RECORDS FOR THIS EXERCISE:
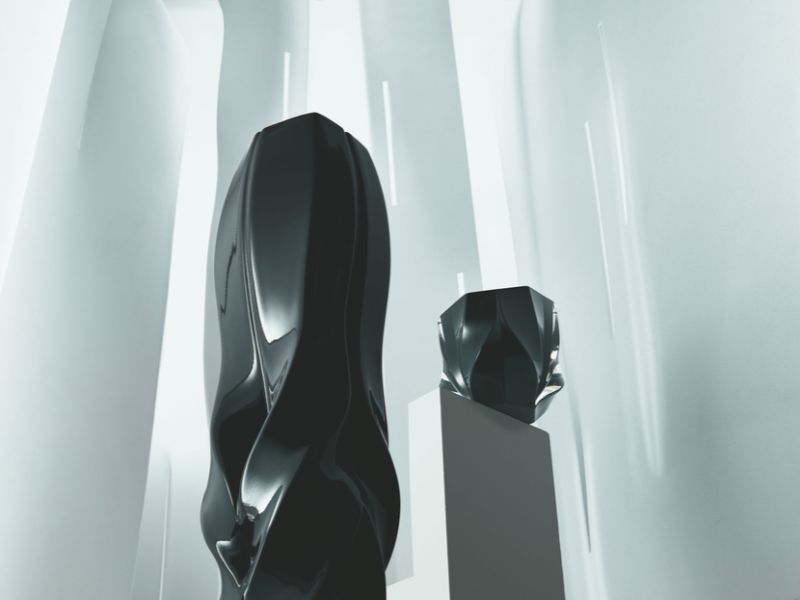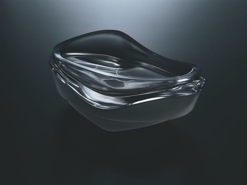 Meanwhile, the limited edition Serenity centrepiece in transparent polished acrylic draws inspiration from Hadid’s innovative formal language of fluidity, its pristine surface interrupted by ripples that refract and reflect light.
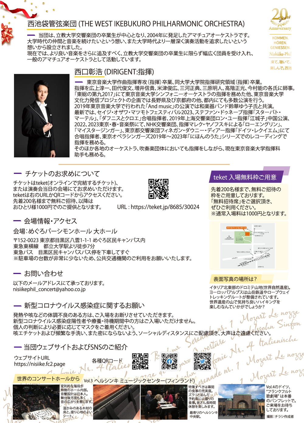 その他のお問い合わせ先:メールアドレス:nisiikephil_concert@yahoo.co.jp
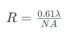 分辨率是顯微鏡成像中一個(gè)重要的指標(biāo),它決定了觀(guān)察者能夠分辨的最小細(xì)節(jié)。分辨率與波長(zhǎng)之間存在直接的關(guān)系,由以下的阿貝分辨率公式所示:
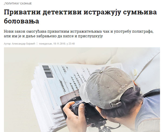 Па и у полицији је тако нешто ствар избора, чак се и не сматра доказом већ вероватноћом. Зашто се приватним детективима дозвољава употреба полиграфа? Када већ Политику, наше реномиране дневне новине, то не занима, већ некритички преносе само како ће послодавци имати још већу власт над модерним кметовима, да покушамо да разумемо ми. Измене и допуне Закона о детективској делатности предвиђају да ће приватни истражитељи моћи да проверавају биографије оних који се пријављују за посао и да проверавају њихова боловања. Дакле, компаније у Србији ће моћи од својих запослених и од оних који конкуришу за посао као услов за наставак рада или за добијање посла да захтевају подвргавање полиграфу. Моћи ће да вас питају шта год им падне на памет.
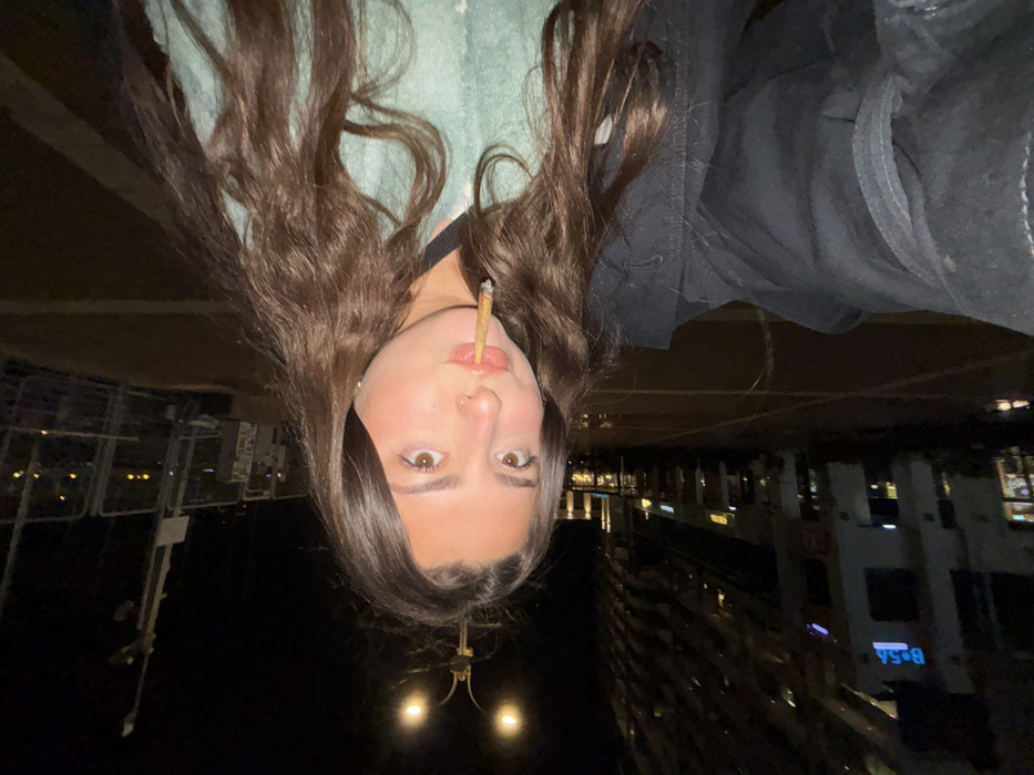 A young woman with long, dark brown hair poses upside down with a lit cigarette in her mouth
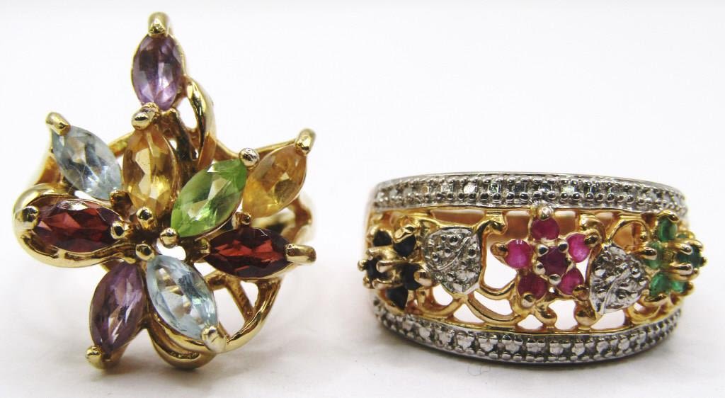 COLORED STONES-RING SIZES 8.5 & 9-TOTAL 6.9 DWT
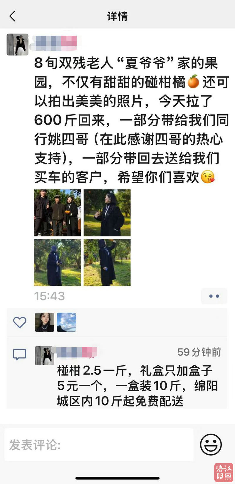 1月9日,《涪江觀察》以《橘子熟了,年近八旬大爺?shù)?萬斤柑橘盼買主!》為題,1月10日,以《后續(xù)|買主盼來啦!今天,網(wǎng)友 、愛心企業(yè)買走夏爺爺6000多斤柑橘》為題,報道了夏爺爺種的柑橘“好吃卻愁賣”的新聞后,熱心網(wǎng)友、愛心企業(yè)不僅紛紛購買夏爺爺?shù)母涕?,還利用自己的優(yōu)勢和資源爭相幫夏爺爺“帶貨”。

...

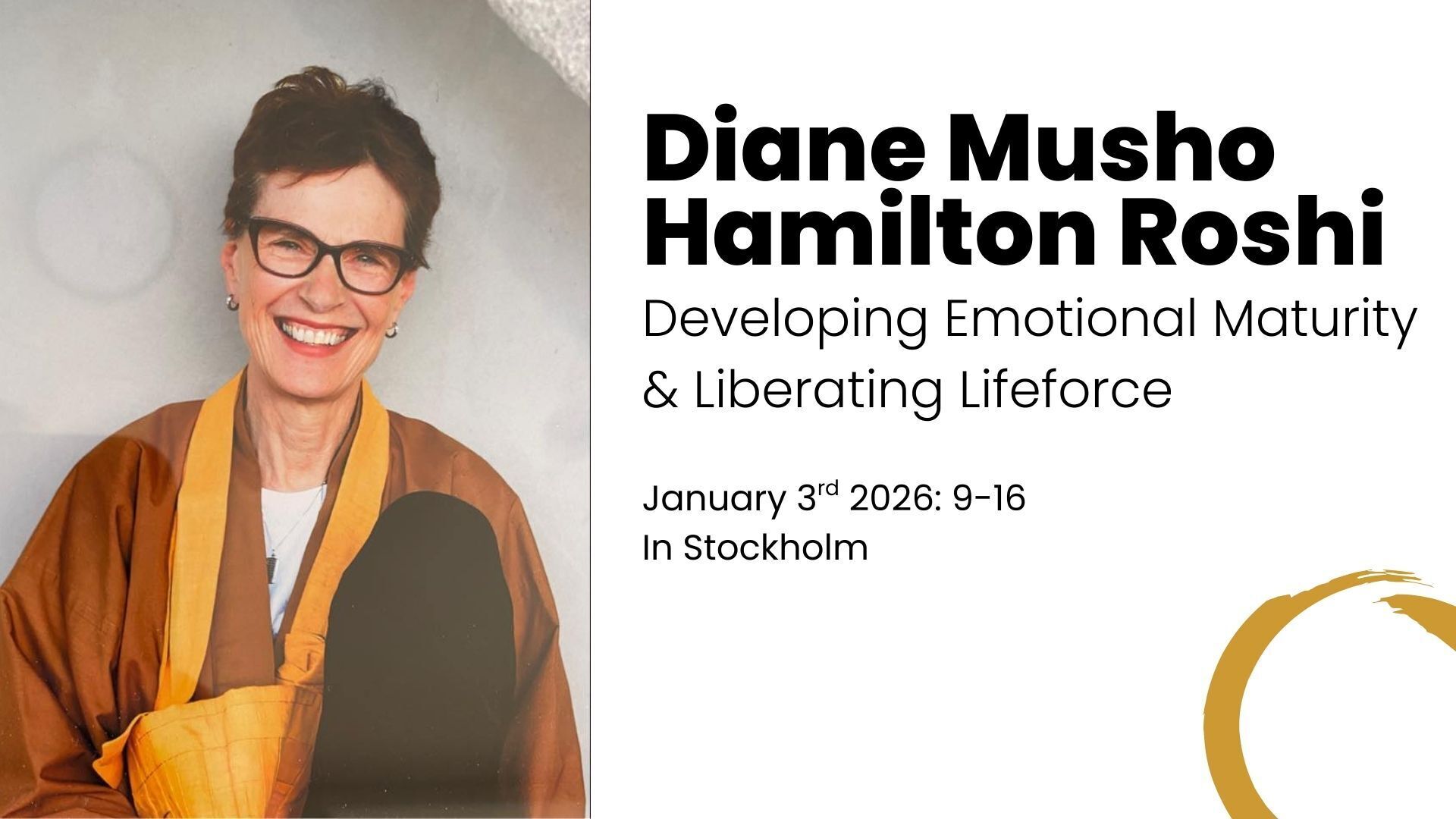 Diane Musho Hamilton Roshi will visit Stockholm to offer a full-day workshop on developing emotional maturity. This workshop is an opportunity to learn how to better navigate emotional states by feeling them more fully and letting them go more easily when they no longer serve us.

==

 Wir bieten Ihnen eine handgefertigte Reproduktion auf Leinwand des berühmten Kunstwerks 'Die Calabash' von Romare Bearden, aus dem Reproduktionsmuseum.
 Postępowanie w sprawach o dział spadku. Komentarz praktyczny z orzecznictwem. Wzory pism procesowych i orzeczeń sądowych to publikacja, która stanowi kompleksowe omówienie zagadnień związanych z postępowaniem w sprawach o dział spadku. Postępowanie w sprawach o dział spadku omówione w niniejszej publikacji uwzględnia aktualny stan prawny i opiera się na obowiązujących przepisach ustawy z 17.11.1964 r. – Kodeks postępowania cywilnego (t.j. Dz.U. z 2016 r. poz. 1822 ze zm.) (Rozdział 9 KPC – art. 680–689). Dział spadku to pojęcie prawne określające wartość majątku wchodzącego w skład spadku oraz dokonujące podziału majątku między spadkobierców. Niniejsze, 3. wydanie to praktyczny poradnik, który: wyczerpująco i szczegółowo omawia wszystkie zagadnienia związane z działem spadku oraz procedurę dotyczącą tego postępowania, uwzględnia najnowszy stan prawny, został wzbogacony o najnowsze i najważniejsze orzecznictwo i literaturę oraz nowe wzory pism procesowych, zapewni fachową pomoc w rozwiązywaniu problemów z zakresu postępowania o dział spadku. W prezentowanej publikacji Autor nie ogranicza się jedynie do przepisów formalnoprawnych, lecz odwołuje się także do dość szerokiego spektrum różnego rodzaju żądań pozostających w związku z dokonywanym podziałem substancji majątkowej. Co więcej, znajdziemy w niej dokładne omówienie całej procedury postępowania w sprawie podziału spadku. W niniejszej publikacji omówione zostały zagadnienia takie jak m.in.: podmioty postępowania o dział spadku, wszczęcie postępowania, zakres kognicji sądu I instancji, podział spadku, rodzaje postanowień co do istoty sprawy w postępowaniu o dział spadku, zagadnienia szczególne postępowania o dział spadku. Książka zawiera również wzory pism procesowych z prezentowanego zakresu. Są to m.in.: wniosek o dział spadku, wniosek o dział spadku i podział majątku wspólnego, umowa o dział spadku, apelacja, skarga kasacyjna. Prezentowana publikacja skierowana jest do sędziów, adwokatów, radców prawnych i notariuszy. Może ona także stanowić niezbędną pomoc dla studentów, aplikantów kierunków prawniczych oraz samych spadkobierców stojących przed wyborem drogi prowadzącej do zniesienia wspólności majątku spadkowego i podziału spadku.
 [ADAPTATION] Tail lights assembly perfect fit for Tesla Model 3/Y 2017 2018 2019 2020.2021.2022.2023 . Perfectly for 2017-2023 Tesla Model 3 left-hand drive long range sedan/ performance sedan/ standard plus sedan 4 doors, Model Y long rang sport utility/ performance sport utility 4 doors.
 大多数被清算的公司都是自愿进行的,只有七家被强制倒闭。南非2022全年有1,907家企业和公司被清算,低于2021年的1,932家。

WHAT NEEDS TO BE DONE:
Nothing outside the stretch above, from the line with "Meanwhile, the limited" through the line with "COLORED STONES-RING SIZES", is set down. Transcribe that stretch exactly, ends included, but not its pictures.

RESULT OF THIS TASK:
 Meanwhile, the limited edition Serenity centrepiece in transparent polished acrylic draws inspiration from Hadid’s innovative formal language of fluidity, its pristine surface interrupted by ripples that refract and reflect light.
 その他のお問い合わせ先:メールアドレス:nisiikephil_concert@yahoo.co.jp
 分辨率是顯微鏡成像中一個(gè)重要的指標(biāo),它決定了觀(guān)察者能夠分辨的最小細(xì)節(jié)。分辨率與波長(zhǎng)之間存在直接的關(guān)系,由以下的阿貝分辨率公式所示:
 Па и у полицији је тако нешто ствар избора, чак се и не сматра доказом већ вероватноћом. Зашто се приватним детективима дозвољава употреба полиграфа? Када већ Политику, наше реномиране дневне новине, то не занима, већ некритички преносе само како ће послодавци имати још већу власт над модерним кметовима, да покушамо да разумемо ми. Измене и допуне Закона о детективској делатности предвиђају да ће приватни истражитељи моћи да проверавају биографије оних који се пријављују за посао и да проверавају њихова боловања. Дакле, компаније у Србији ће моћи од својих запослених и од оних који конкуришу за посао као услов за наставак рада или за добијање посла да захтевају подвргавање полиграфу. Моћи ће да вас питају шта год им падне на памет.
 A young woman with long, dark brown hair poses upside down with a lit cigarette in her mouth
 COLORED STONES-RING SIZES 8.5 & 9-TOTAL 6.9 DWT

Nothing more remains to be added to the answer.